[Data records]
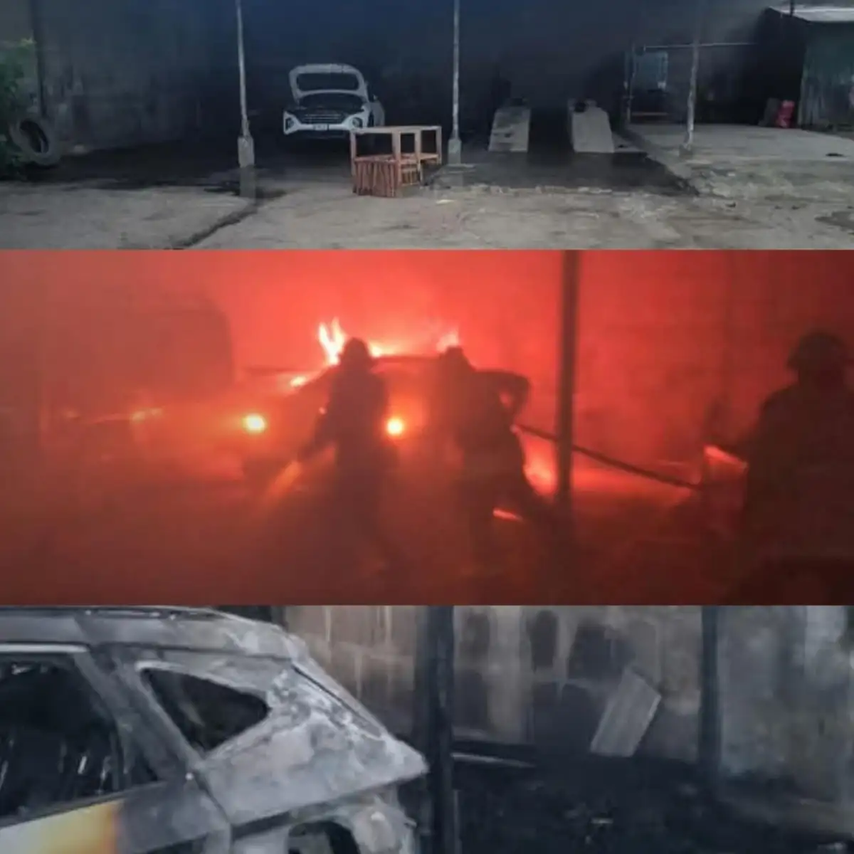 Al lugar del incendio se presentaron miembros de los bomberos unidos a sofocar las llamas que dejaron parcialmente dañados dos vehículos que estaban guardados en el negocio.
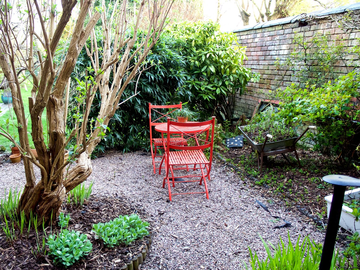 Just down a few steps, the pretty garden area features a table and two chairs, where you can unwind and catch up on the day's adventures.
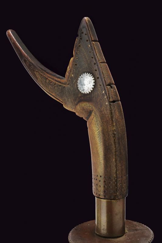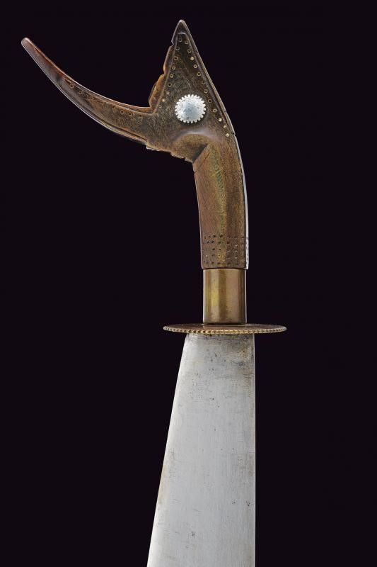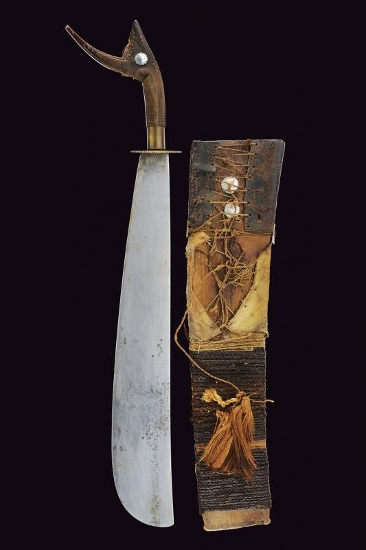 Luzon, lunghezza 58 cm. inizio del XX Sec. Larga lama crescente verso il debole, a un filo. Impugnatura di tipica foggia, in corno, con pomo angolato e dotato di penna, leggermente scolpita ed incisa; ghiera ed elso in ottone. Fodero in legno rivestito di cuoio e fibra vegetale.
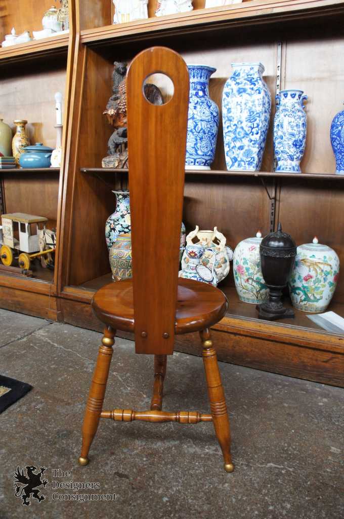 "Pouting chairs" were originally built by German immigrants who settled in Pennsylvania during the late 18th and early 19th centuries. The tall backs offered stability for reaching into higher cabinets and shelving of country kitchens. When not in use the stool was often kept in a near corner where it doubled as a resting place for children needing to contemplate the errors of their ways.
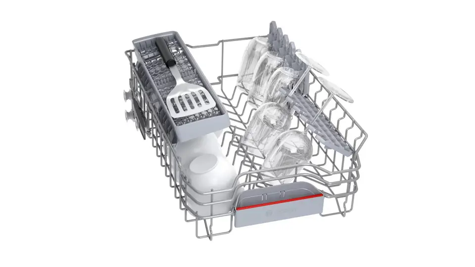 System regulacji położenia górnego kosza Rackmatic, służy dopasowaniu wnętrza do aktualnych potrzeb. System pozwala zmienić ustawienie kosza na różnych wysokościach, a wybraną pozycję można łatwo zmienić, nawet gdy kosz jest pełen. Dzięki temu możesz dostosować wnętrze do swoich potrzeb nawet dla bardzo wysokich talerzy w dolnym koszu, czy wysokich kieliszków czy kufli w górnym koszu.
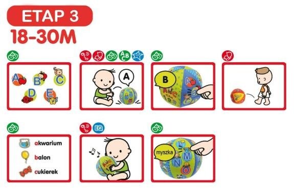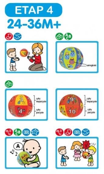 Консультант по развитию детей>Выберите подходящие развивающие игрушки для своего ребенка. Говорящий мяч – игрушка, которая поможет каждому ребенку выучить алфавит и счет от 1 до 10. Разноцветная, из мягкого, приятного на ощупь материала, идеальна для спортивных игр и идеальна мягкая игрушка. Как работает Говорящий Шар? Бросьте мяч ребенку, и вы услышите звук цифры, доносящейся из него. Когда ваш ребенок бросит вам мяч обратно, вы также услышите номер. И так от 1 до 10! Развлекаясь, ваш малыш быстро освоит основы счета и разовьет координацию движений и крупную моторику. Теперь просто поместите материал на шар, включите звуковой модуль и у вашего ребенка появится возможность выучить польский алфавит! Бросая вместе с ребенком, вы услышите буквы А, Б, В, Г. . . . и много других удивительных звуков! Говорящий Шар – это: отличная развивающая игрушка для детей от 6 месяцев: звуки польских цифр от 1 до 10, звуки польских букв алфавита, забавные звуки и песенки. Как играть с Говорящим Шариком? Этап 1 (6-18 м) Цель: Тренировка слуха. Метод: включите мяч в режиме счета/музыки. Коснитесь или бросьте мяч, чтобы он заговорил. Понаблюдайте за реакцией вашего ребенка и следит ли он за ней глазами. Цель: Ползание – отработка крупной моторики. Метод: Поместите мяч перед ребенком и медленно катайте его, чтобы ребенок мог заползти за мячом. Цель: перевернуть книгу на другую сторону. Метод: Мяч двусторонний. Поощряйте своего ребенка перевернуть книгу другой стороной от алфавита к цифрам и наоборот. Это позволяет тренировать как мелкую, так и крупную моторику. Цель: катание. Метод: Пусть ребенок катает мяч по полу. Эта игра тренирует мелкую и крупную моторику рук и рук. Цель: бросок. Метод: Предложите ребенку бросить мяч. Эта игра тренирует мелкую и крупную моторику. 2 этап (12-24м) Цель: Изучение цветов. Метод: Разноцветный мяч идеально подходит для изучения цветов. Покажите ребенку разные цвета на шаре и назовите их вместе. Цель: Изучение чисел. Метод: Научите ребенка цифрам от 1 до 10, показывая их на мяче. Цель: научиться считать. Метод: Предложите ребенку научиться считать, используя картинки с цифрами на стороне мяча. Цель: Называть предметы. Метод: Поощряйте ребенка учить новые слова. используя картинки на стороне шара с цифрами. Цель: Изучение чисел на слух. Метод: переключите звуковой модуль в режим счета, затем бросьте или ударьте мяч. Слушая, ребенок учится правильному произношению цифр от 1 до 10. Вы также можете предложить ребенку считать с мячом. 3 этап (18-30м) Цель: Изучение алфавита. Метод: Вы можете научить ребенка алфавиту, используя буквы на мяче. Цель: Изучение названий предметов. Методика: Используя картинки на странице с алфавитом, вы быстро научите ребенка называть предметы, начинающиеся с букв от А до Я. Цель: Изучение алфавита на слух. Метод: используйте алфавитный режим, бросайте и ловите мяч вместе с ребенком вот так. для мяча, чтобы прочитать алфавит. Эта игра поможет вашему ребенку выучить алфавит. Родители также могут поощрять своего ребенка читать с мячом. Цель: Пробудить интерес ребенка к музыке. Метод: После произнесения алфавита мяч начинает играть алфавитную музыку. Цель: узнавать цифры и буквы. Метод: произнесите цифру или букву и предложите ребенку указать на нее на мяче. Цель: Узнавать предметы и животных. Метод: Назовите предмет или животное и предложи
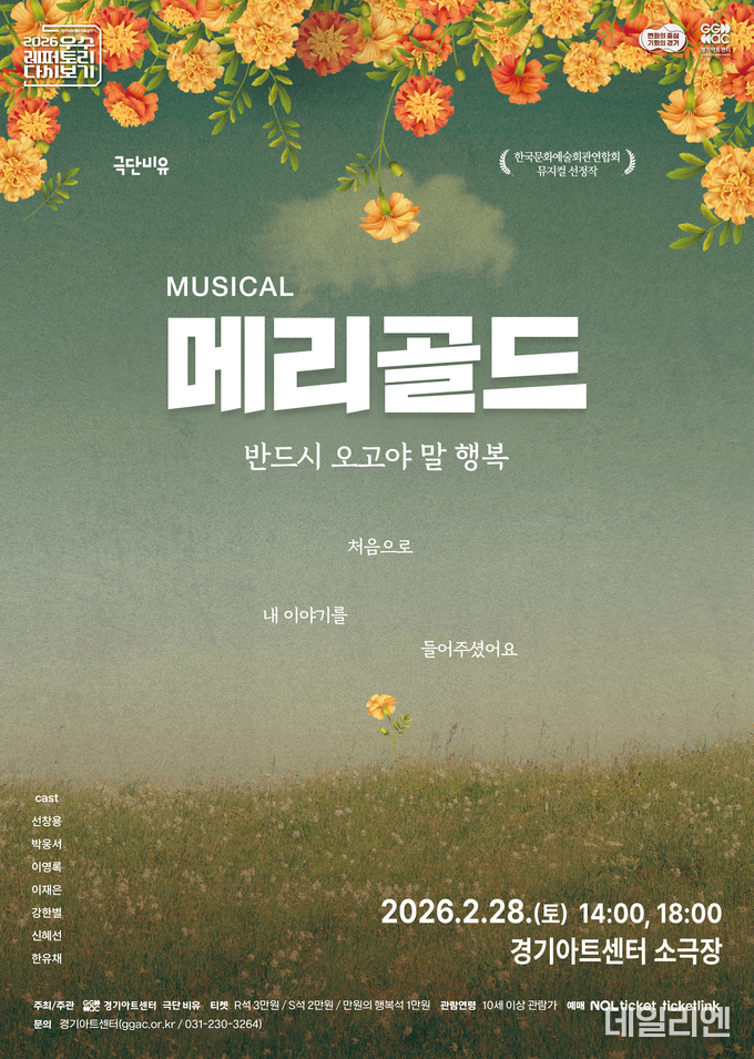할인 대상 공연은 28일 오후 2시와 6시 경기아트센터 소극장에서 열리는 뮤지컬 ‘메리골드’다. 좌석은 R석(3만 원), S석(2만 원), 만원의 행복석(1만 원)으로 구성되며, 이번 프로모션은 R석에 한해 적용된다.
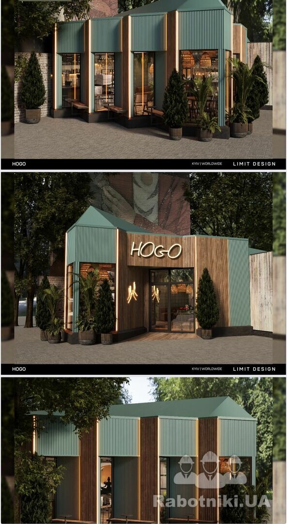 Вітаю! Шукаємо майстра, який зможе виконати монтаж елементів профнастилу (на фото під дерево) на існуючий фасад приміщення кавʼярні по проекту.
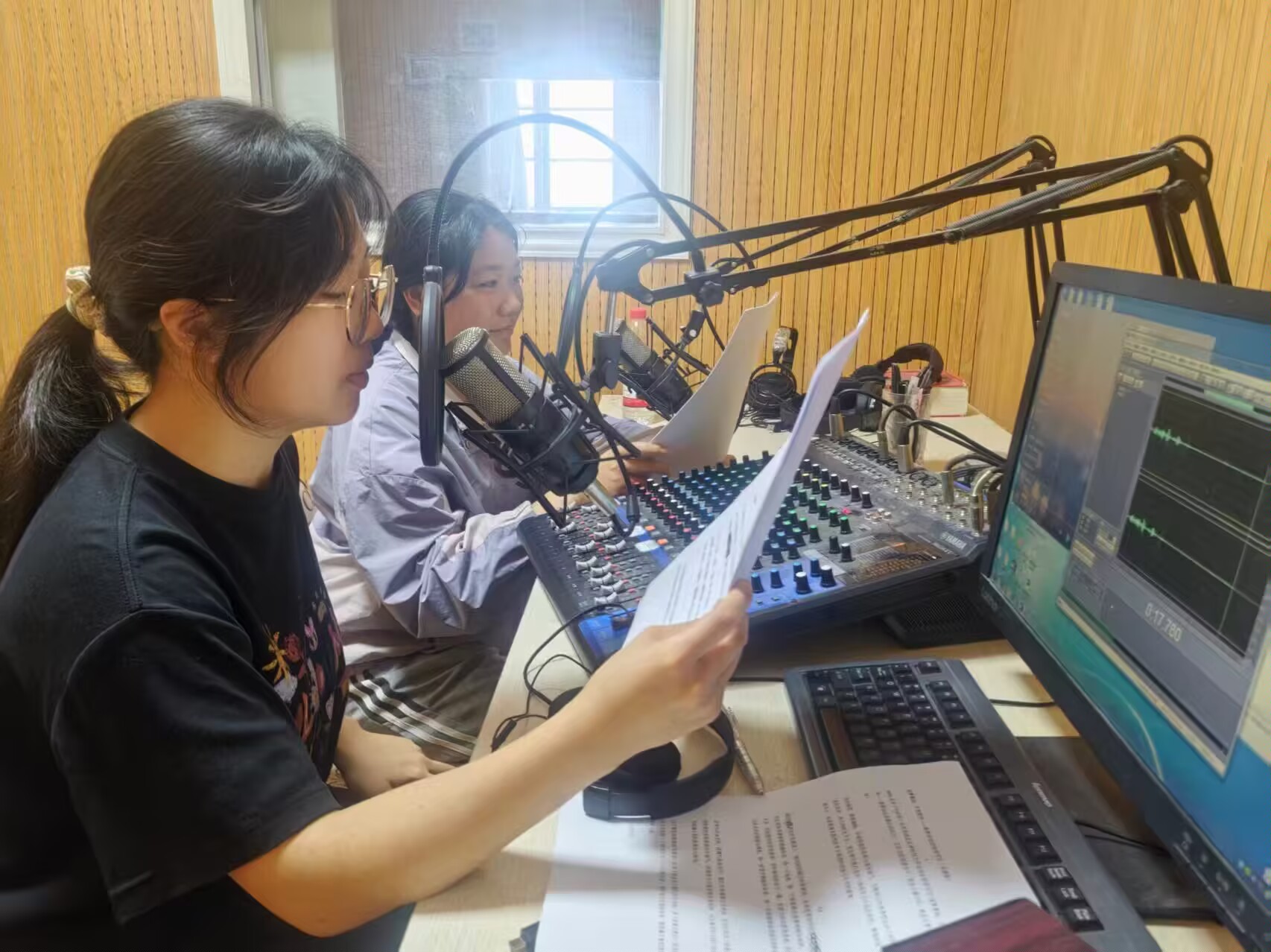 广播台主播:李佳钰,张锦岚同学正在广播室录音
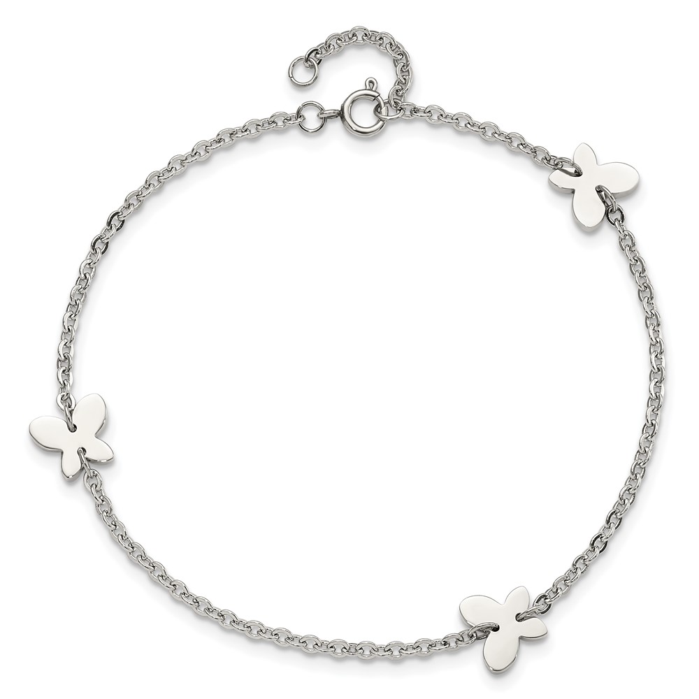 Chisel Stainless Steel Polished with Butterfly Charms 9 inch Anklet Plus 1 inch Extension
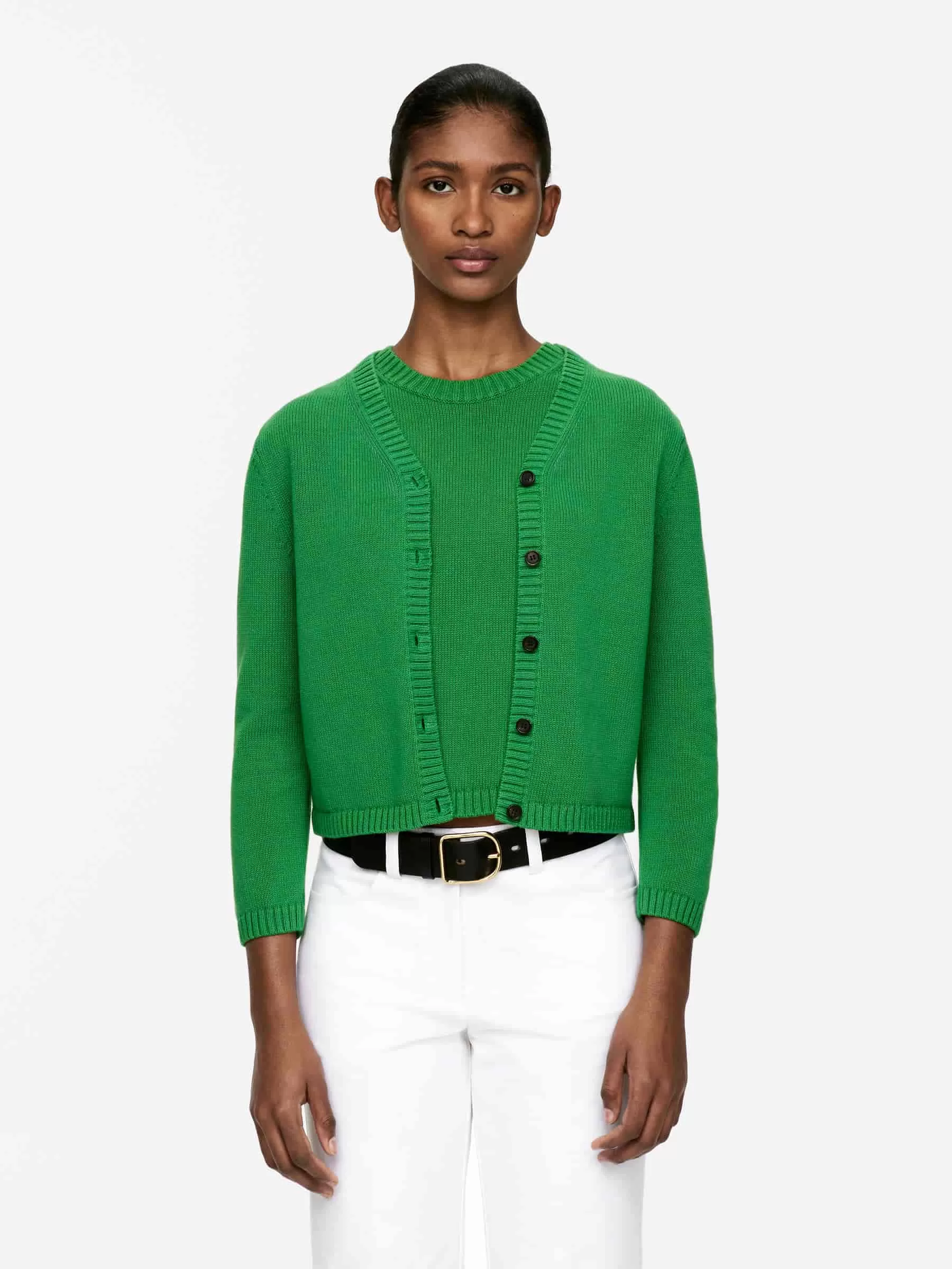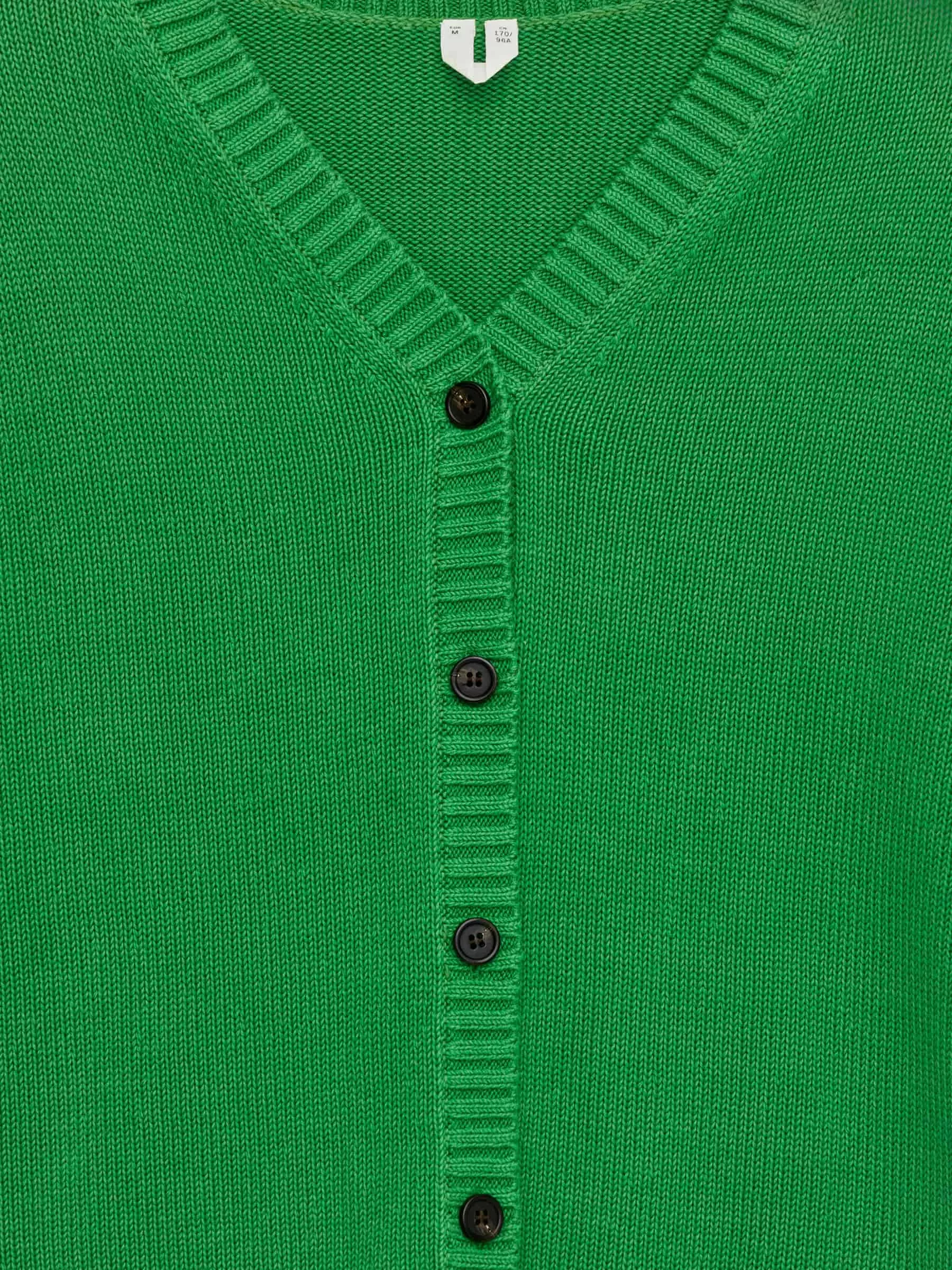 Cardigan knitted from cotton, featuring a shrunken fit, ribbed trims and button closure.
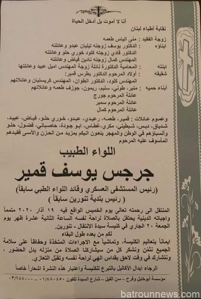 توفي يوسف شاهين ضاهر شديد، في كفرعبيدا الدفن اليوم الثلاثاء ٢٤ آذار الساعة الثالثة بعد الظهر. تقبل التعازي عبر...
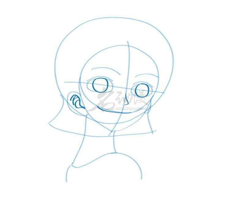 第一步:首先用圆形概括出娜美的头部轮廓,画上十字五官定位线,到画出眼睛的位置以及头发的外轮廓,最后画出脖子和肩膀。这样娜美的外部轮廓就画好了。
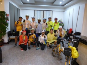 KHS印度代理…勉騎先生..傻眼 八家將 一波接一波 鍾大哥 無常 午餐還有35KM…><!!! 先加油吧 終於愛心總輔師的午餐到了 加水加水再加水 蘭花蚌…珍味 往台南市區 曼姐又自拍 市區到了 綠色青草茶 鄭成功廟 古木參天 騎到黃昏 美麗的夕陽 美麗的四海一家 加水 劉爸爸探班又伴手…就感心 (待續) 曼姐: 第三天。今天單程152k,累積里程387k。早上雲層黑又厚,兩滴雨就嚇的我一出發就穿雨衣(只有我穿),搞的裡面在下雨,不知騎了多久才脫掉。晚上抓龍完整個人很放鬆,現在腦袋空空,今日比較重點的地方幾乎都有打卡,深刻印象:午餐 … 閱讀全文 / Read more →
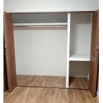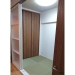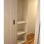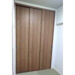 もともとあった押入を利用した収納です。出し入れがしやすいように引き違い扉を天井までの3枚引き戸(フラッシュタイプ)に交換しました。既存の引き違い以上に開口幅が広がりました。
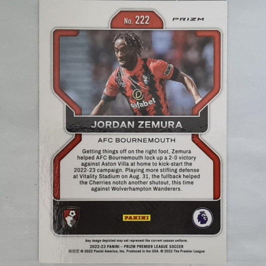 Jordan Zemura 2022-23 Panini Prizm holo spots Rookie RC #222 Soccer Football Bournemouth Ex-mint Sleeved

## WORK TASK:
Above are the records. Copy exactly, and only, the lines from the line containing "もともとあった押入を利用した" through the last one, omitting any pictures.

## EXPECTED OUTPUT:
 もともとあった押入を利用した収納です。出し入れがしやすいように引き違い扉を天井までの3枚引き戸(フラッシュタイプ)に交換しました。既存の引き違い以上に開口幅が広がりました。
 Jordan Zemura 2022-23 Panini Prizm holo spots Rookie RC #222 Soccer Football Bournemouth Ex-mint Sleeved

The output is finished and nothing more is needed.